CAPITAL
BUDGETING IN INDIAN RAILWAYS
Railways are not only operating
widest and biggest surface transport in the country, it also an infrastructure
company fulfilling the national objective of developing under developed regions
and link them with the transport net work. While the road transport is an
advantageous position as the infrastructure of roads, bridges, tunnels etc are
laid by the national / state high way authorities. Further, the maintenance work
of the transport net work is also done by the same agencies. However, the
railways are put to severe hardship by executing infrastructure projects,
repair and maintain the ever expanding network and still run the mammoth
transport at affordable cost with no loss. Strange but true, the IR is the only
railways in the world which does not receive any subsidy and yet maintain the
financial viability of the system.
ROLE
OF PLAN HEADS:
For
creation of infrastructure assets for the conduct of rail transportation the IR
needs massive investment from the GOI or the public or the private sector.
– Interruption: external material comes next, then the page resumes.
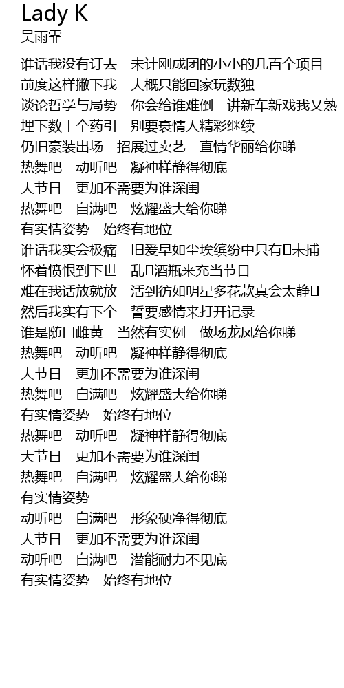 | [02:42.18] | 热舞吧 自满吧 炫耀盛大给你睇 |

From
the times of the Mahla Nobis-Tata Plan 1945, the private sector is reluctant to
invest in the railways the main reason being the long gestation period (locking
up of capital for 20 to 25 years) and the poor returns as the tariffs and rates
are fixed by the Parliament irrespective of the actual cost of service.
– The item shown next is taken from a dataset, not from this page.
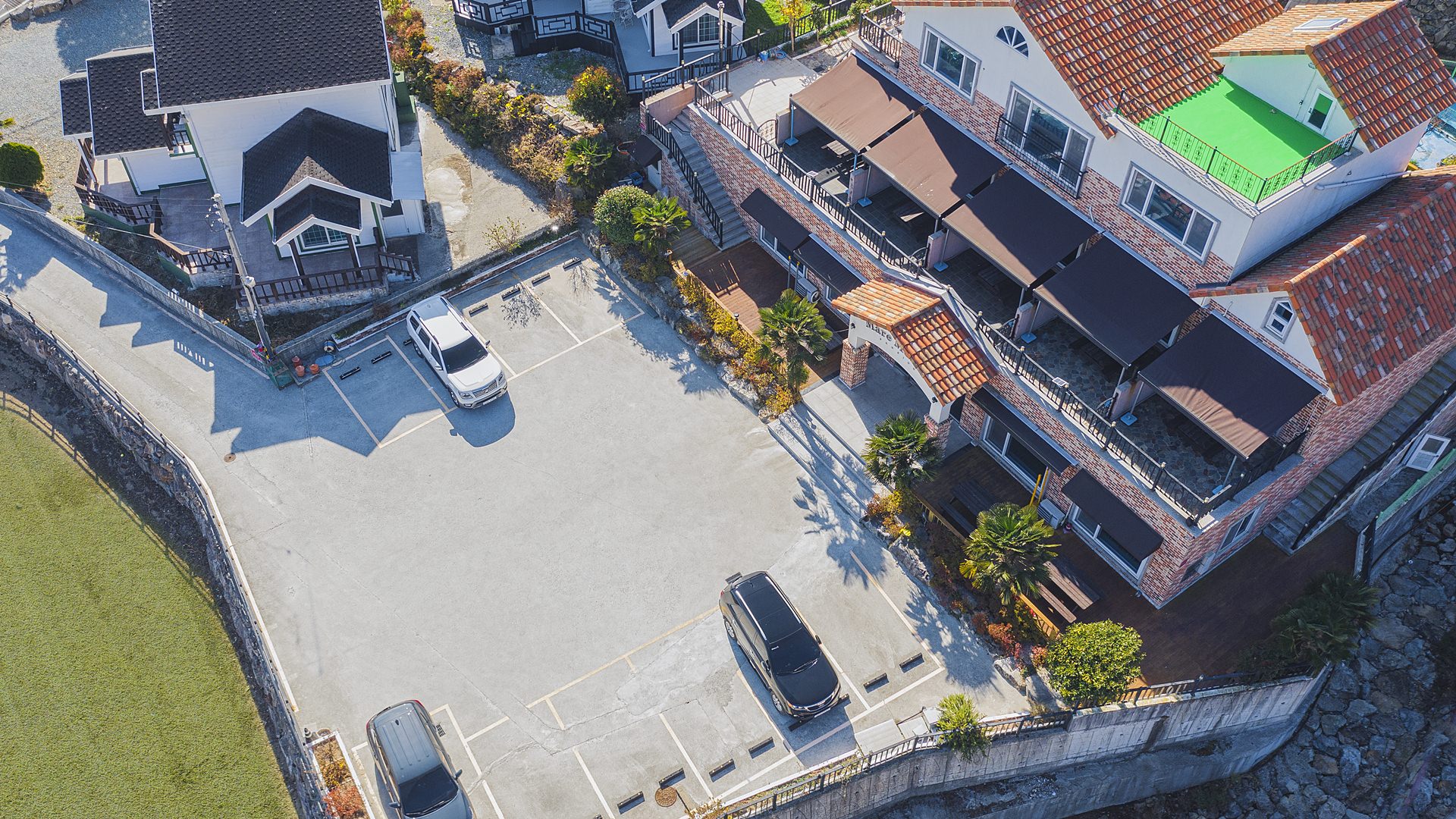 펜션 앞 단독 넓은 주차장이 마련되어 있습니다.

Further, the public have started to invest in the development banks like ICICI[1],
IFCI[2],
IDBI[3]
from the 1970s and later with Unit Trust of India as the small investors could
not cope with the vagaries of the volatile stock market of India. Hence, out of
three sources two sources are ruled out for investment in the railways.
Therefore, the GOI is called upon to fulfill its historical responsibility of
creating and sustaining the railway net work as in the people’s republic of
china. The countries is yet to realize the importance and necessity to invest
huge money in the rail network which alone is environmental friendly, less
fossil oil consuming, and affordable transport system.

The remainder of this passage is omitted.